-- Work item --
Repeat everything in the data exactly except images.

-- Dataset content --

----------------

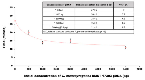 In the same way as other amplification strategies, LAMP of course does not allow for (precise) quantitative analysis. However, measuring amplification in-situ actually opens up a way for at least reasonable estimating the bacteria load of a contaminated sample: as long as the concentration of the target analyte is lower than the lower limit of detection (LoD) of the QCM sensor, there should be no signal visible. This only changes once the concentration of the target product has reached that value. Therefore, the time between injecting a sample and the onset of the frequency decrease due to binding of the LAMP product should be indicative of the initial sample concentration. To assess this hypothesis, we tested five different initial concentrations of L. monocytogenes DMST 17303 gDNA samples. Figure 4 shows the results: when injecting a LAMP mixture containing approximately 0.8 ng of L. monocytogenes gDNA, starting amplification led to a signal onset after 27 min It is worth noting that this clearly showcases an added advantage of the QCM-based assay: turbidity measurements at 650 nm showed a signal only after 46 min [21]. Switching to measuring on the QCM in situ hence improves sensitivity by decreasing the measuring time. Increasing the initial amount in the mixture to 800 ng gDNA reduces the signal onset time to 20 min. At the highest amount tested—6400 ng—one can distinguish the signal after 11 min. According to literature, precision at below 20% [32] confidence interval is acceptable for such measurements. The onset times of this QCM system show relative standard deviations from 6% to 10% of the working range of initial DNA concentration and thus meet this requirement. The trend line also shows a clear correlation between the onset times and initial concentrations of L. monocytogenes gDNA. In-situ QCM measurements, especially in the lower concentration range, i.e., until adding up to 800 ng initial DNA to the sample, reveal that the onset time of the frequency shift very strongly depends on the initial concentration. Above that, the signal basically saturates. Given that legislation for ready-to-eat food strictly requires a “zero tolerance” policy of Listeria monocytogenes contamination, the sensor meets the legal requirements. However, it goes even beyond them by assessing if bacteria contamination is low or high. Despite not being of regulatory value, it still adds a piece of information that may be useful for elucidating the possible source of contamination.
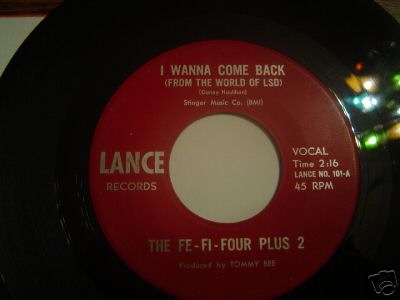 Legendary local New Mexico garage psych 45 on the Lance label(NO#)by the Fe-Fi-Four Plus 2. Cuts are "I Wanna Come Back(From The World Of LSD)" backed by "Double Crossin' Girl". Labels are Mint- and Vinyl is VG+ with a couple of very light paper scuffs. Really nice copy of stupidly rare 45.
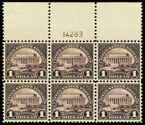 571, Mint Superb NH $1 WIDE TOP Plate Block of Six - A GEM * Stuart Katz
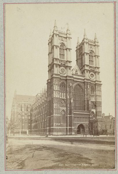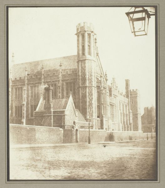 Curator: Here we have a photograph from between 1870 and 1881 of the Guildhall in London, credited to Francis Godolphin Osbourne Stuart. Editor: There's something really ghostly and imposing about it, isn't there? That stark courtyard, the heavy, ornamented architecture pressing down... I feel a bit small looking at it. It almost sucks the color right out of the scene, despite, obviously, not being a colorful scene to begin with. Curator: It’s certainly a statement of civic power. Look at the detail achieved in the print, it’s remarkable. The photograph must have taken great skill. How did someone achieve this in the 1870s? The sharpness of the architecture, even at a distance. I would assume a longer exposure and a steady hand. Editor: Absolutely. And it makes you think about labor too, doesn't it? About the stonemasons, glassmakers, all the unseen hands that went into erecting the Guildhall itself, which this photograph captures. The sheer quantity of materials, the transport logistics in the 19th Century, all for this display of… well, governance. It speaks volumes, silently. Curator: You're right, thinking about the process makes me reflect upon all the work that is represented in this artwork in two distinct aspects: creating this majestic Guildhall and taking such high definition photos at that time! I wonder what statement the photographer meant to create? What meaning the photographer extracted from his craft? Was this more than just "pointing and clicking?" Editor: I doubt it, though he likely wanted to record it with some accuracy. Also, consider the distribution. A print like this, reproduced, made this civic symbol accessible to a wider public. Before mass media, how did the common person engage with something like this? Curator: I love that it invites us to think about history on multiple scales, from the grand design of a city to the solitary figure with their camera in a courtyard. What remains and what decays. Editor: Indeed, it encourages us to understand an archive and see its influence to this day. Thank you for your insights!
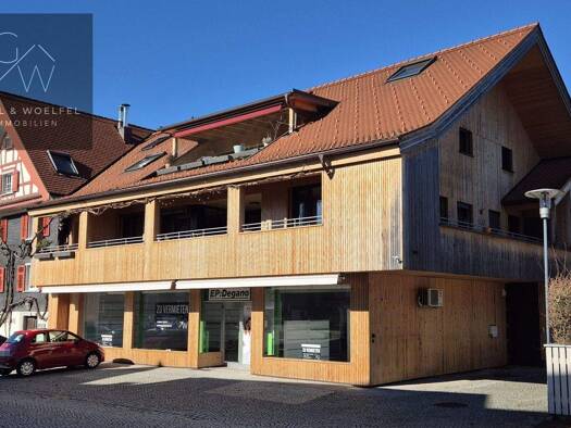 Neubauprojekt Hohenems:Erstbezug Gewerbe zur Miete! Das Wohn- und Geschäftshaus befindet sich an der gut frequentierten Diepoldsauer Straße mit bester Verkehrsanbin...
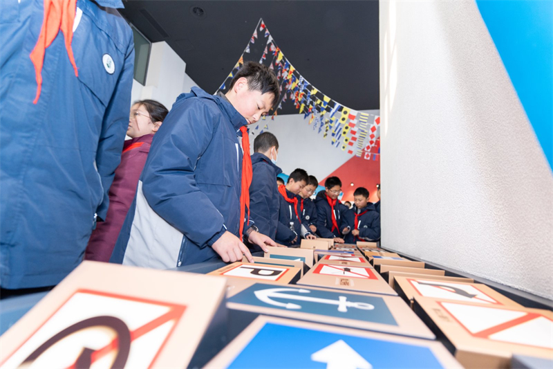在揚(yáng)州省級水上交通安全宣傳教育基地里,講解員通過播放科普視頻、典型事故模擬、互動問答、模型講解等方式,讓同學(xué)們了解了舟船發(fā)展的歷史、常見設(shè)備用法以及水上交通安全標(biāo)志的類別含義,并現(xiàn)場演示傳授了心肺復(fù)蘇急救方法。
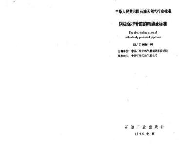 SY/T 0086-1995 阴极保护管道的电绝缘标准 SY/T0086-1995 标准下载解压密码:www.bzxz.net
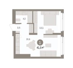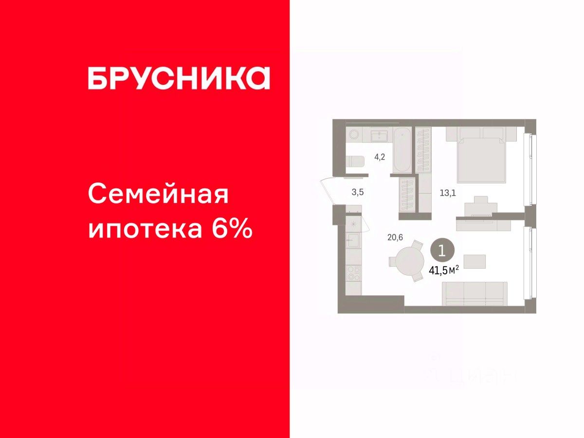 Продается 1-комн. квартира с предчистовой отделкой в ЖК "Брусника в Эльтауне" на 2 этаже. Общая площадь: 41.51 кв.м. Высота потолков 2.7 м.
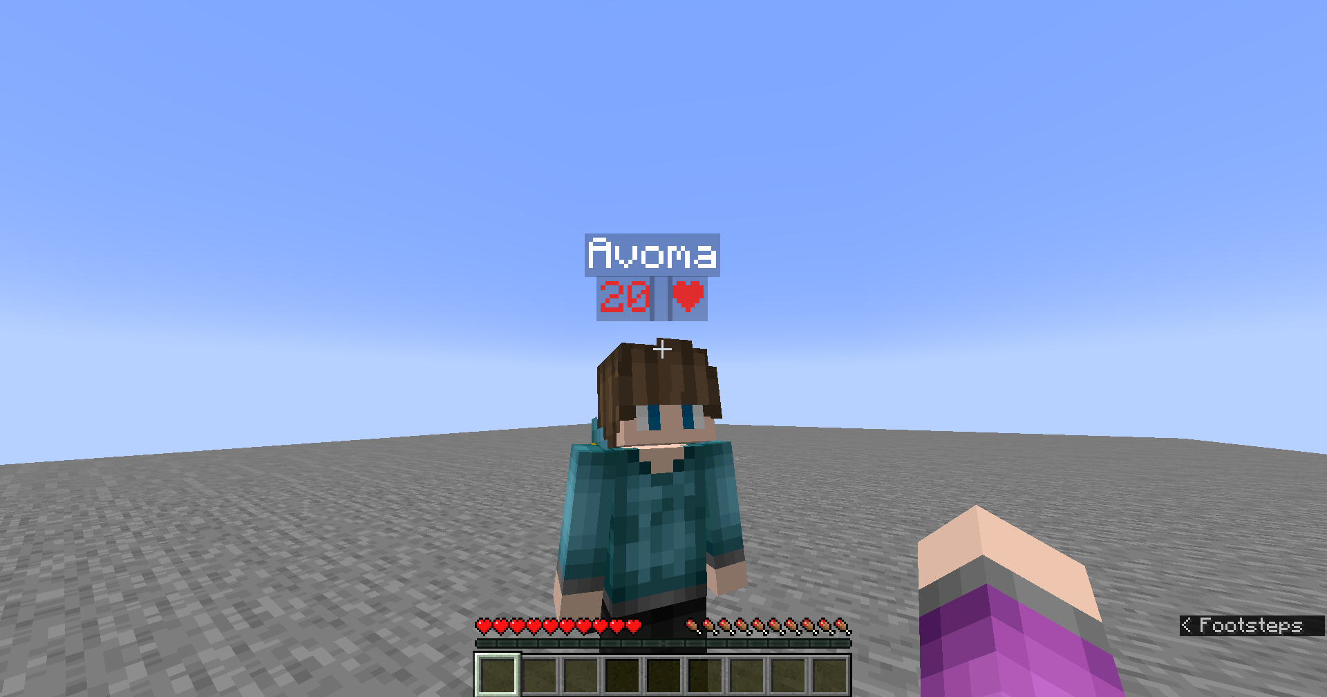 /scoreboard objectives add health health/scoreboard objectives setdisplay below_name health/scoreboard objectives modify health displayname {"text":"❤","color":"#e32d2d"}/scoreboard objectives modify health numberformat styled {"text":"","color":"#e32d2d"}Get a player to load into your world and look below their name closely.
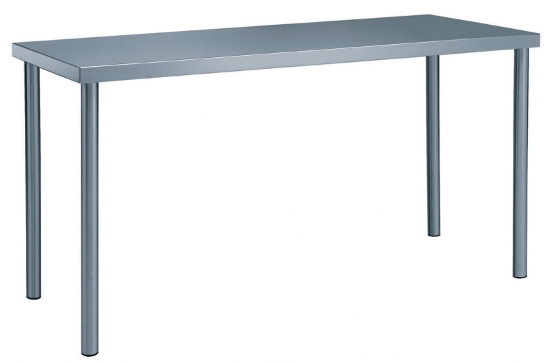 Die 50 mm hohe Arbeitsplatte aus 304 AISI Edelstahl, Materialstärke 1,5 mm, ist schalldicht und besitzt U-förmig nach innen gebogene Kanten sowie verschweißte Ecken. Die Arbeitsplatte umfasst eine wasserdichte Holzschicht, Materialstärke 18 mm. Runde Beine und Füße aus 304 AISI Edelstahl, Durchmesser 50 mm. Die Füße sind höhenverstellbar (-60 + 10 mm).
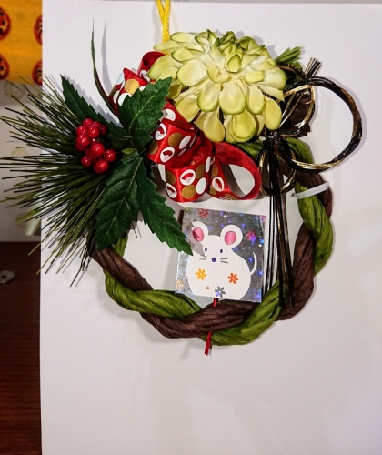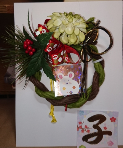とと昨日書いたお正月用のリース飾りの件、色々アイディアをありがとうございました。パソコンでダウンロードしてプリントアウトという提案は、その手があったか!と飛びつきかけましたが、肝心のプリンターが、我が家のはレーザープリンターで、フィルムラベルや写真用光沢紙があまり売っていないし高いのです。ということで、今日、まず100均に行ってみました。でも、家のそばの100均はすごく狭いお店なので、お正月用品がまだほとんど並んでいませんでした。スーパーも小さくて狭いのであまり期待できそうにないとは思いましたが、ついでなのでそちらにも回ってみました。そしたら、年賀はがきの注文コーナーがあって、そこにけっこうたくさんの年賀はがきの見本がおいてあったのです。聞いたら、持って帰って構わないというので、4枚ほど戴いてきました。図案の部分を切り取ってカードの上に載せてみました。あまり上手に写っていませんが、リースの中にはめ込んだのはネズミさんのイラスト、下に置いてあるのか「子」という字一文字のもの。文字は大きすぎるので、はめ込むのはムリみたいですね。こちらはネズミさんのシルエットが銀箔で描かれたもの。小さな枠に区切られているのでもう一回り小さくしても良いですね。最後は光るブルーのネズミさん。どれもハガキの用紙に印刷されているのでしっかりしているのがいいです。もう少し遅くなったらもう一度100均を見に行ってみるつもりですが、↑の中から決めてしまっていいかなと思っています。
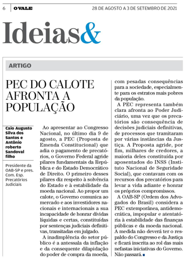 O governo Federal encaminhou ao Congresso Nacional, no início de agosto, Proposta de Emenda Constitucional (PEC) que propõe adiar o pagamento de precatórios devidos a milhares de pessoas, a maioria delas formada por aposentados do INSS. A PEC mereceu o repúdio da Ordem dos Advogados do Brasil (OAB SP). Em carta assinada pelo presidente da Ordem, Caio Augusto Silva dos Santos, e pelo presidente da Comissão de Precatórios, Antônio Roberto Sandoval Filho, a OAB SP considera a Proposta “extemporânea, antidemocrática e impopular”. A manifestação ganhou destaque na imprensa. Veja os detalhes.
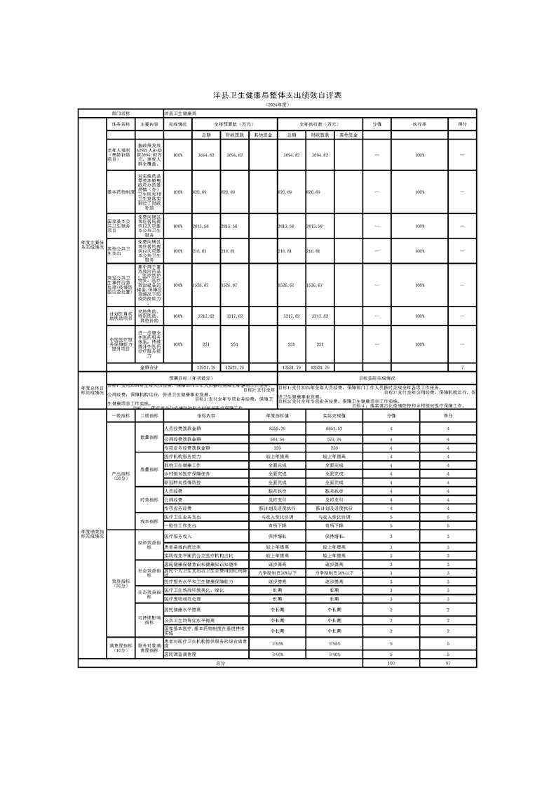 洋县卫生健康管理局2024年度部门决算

----------------

-- Output for this task --
 In the same way as other amplification strategies, LAMP of course does not allow for (precise) quantitative analysis. However, measuring amplification in-situ actually opens up a way for at least reasonable estimating the bacteria load of a contaminated sample: as long as the concentration of the target analyte is lower than the lower limit of detection (LoD) of the QCM sensor, there should be no signal visible. This only changes once the concentration of the target product has reached that value. Therefore, the time between injecting a sample and the onset of the frequency decrease due to binding of the LAMP product should be indicative of the initial sample concentration. To assess this hypothesis, we tested five different initial concentrations of L. monocytogenes DMST 17303 gDNA samples. Figure 4 shows the results: when injecting a LAMP mixture containing approximately 0.8 ng of L. monocytogenes gDNA, starting amplification led to a signal onset after 27 min It is worth noting that this clearly showcases an added advantage of the QCM-based assay: turbidity measurements at 650 nm showed a signal only after 46 min [21]. Switching to measuring on the QCM in situ hence improves sensitivity by decreasing the measuring time. Increasing the initial amount in the mixture to 800 ng gDNA reduces the signal onset time to 20 min. At the highest amount tested—6400 ng—one can distinguish the signal after 11 min. According to literature, precision at below 20% [32] confidence interval is acceptable for such measurements. The onset times of this QCM system show relative standard deviations from 6% to 10% of the working range of initial DNA concentration and thus meet this requirement. The trend line also shows a clear correlation between the onset times and initial concentrations of L. monocytogenes gDNA. In-situ QCM measurements, especially in the lower concentration range, i.e., until adding up to 800 ng initial DNA to the sample, reveal that the onset time of the frequency shift very strongly depends on the initial concentration. Above that, the signal basically saturates. Given that legislation for ready-to-eat food strictly requires a “zero tolerance” policy of Listeria monocytogenes contamination, the sensor meets the legal requirements. However, it goes even beyond them by assessing if bacteria contamination is low or high. Despite not being of regulatory value, it still adds a piece of information that may be useful for elucidating the possible source of contamination.
 Legendary local New Mexico garage psych 45 on the Lance label(NO#)by the Fe-Fi-Four Plus 2. Cuts are "I Wanna Come Back(From The World Of LSD)" backed by "Double Crossin' Girl". Labels are Mint- and Vinyl is VG+ with a couple of very light paper scuffs. Really nice copy of stupidly rare 45.
 571, Mint Superb NH $1 WIDE TOP Plate Block of Six - A GEM * Stuart Katz
 Curator: Here we have a photograph from between 1870 and 1881 of the Guildhall in London, credited to Francis Godolphin Osbourne Stuart. Editor: There's something really ghostly and imposing about it, isn't there? That stark courtyard, the heavy, ornamented architecture pressing down... I feel a bit small looking at it. It almost sucks the color right out of the scene, despite, obviously, not being a colorful scene to begin with. Curator: It’s certainly a statement of civic power. Look at the detail achieved in the print, it’s remarkable. The photograph must have taken great skill. How did someone achieve this in the 1870s? The sharpness of the architecture, even at a distance. I would assume a longer exposure and a steady hand. Editor: Absolutely. And it makes you think about labor too, doesn't it? About the stonemasons, glassmakers, all the unseen hands that went into erecting the Guildhall itself, which this photograph captures. The sheer quantity of materials, the transport logistics in the 19th Century, all for this display of… well, governance. It speaks volumes, silently. Curator: You're right, thinking about the process makes me reflect upon all the work that is represented in this artwork in two distinct aspects: creating this majestic Guildhall and taking such high definition photos at that time! I wonder what statement the photographer meant to create? What meaning the photographer extracted from his craft? Was this more than just "pointing and clicking?" Editor: I doubt it, though he likely wanted to record it with some accuracy. Also, consider the distribution. A print like this, reproduced, made this civic symbol accessible to a wider public. Before mass media, how did the common person engage with something like this? Curator: I love that it invites us to think about history on multiple scales, from the grand design of a city to the solitary figure with their camera in a courtyard. What remains and what decays. Editor: Indeed, it encourages us to understand an archive and see its influence to this day. Thank you for your insights!
 Neubauprojekt Hohenems:Erstbezug Gewerbe zur Miete! Das Wohn- und Geschäftshaus befindet sich an der gut frequentierten Diepoldsauer Straße mit bester Verkehrsanbin...
在揚(yáng)州省級水上交通安全宣傳教育基地里,講解員通過播放科普視頻、典型事故模擬、互動問答、模型講解等方式,讓同學(xué)們了解了舟船發(fā)展的歷史、常見設(shè)備用法以及水上交通安全標(biāo)志的類別含義,并現(xiàn)場演示傳授了心肺復(fù)蘇急救方法。
 SY/T 0086-1995 阴极保护管道的电绝缘标准 SY/T0086-1995 标准下载解压密码:www.bzxz.net
 Продается 1-комн. квартира с предчистовой отделкой в ЖК "Брусника в Эльтауне" на 2 этаже. Общая площадь: 41.51 кв.м. Высота потолков 2.7 м.
 /scoreboard objectives add health health/scoreboard objectives setdisplay below_name health/scoreboard objectives modify health displayname {"text":"❤","color":"#e32d2d"}/scoreboard objectives modify health numberformat styled {"text":"","color":"#e32d2d"}Get a player to load into your world and look below their name closely.
 Die 50 mm hohe Arbeitsplatte aus 304 AISI Edelstahl, Materialstärke 1,5 mm, ist schalldicht und besitzt U-förmig nach innen gebogene Kanten sowie verschweißte Ecken. Die Arbeitsplatte umfasst eine wasserdichte Holzschicht, Materialstärke 18 mm. Runde Beine und Füße aus 304 AISI Edelstahl, Durchmesser 50 mm. Die Füße sind höhenverstellbar (-60 + 10 mm).
とと昨日書いたお正月用のリース飾りの件、色々アイディアをありがとうございました。パソコンでダウンロードしてプリントアウトという提案は、その手があったか!と飛びつきかけましたが、肝心のプリンターが、我が家のはレーザープリンターで、フィルムラベルや写真用光沢紙があまり売っていないし高いのです。ということで、今日、まず100均に行ってみました。でも、家のそばの100均はすごく狭いお店なので、お正月用品がまだほとんど並んでいませんでした。スーパーも小さくて狭いのであまり期待できそうにないとは思いましたが、ついでなのでそちらにも回ってみました。そしたら、年賀はがきの注文コーナーがあって、そこにけっこうたくさんの年賀はがきの見本がおいてあったのです。聞いたら、持って帰って構わないというので、4枚ほど戴いてきました。図案の部分を切り取ってカードの上に載せてみました。あまり上手に写っていませんが、リースの中にはめ込んだのはネズミさんのイラスト、下に置いてあるのか「子」という字一文字のもの。文字は大きすぎるので、はめ込むのはムリみたいですね。こちらはネズミさんのシルエットが銀箔で描かれたもの。小さな枠に区切られているのでもう一回り小さくしても良いですね。最後は光るブルーのネズミさん。どれもハガキの用紙に印刷されているのでしっかりしているのがいいです。もう少し遅くなったらもう一度100均を見に行ってみるつもりですが、↑の中から決めてしまっていいかなと思っています。
 O governo Federal encaminhou ao Congresso Nacional, no início de agosto, Proposta de Emenda Constitucional (PEC) que propõe adiar o pagamento de precatórios devidos a milhares de pessoas, a maioria delas formada por aposentados do INSS. A PEC mereceu o repúdio da Ordem dos Advogados do Brasil (OAB SP). Em carta assinada pelo presidente da Ordem, Caio Augusto Silva dos Santos, e pelo presidente da Comissão de Precatórios, Antônio Roberto Sandoval Filho, a OAB SP considera a Proposta “extemporânea, antidemocrática e impopular”. A manifestação ganhou destaque na imprensa. Veja os detalhes.
 洋县卫生健康管理局2024年度部门决算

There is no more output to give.